税務最新情報

2016年10月20日号 (第304)

非課税所得について 各論3

 みなさん、こんにちは、今年も残すところ2ヶ月と少しになりました。12月は多くの業種で忙しくなるので、早め早めの準備をしていきましょう。年末調整の準備も必要です。従業員からマイナンバーを確認する作業は終了しているでしょうか。

 さて、今回は非課税所得の3回目です。馴染みが薄い部分かもしれませんが、確認していきましょう。


◆国外で勤務する居住者の受ける給与のうち、その勤務により国内で勤務した場合に受けるべき通常の給与に加算して受ける在勤手当で政令で定めるもの

 国外で勤務して非居住者に該当する場合は、国外での勤務に対して給与を受け取ったとしても、そもそも日本の所得税の対象となりません。

 一方で、海外勤務者であっても、海外勤務期間が一年未満で居住者に該当する場合は、日本の所得税の課税対象となります。ただし、通常の給与に加算して支給を受ける給与のうち、その勤務地における物価、生活水準及び生活環境並びに勤務地と国内との間の為替相場等の状況に照らし、加算して支給を受けることにより国内で勤務した場合に比して利益を受けると認められない部分については、非課税とされています。

◆外国政府、外国の地方公共団体又は政令で定める国際機関に勤務する者で政令で定める要件を備えるものがその勤務により受ける俸給、給料、賃金、歳費、賞与及びこれらの性質を有する給与

 具体的には、外国の大使館に勤める大使の給料などが該当します。よく、外国大使館は治外法権というような説明を見受けますが、物理的には日本国内になりますが、外国の出先機関として外国の法律の適用を受けるので日本の所得税はかからないという理屈です。

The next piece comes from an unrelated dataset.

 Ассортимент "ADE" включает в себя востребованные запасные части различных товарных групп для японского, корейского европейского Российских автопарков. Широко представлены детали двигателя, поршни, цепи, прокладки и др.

 なお、政令で定める要件との記載がありますが、日本国籍がなく永住権もないことが条件となっています。よって、外国大使館に勤務する日本人職員の場合は非課税に該当しないことになります。この場合、源泉徴収、社会保険、住民税の特別徴収など日本の法律は適用外となるので、納税者が確定申告を行う必要がある点注意が必要です。

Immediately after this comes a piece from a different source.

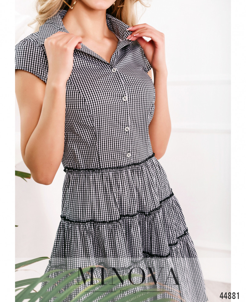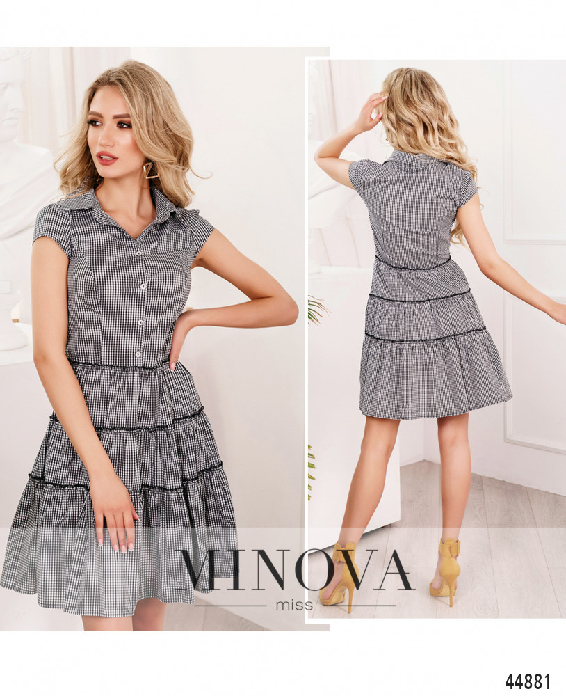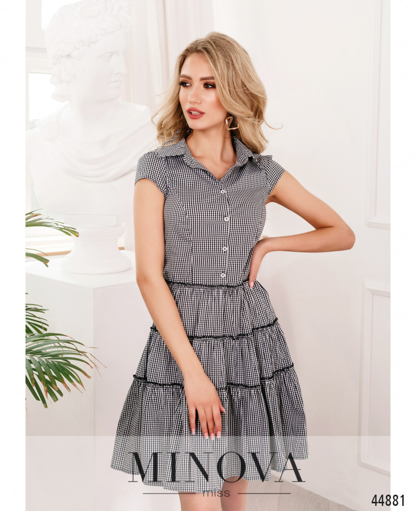 Привлекательное платье с отложным воротничком и рядом пуговиц спереди на планке от воротничка до талии. Слева от подмышки до талии - вшитая потайная змейка. Подол с тремя подшитыми рядами оборок. Карманов нет. Рукава-лепестки. На груди скульптурирующие вытачки.

◆自己又はその配偶者その他の親族が生活の用に供する家具、じゆう器、衣服その他の資産で政令で定めるものの譲渡による所得

 土地や住宅を売却した場合に所得が生ずれば、所得税の課税の対象となります。

 一方で、生活の用に供する家具や衣服などを売却した場合は、仮に所得が発生したとしても非課税となります。これは、所得が生じること事態が多くなく生じたとしても僅少であることから課税しない取扱となっています。

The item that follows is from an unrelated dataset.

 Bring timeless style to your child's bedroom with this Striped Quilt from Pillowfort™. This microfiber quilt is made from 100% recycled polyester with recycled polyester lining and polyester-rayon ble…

 なお、ここで気を付けなければならないのは、政令の取扱で、前提として「生活に通常必要な動産」としており、生活に通常必要でないものは除外されています。除外されるものとしては、投資用の資産などを思い浮かべてください。また、それ以外にも、一個あるいは一組あたりの金額が30万円を超えるような、貴石、半貴石、貴金属、真珠及びこれらの製品、べつこう製品、さんご製品、こはく製品、ぞうげ製品並びに七宝製品、書画、こつとう及び美術工芸品などについても、非課税所得から除外されています。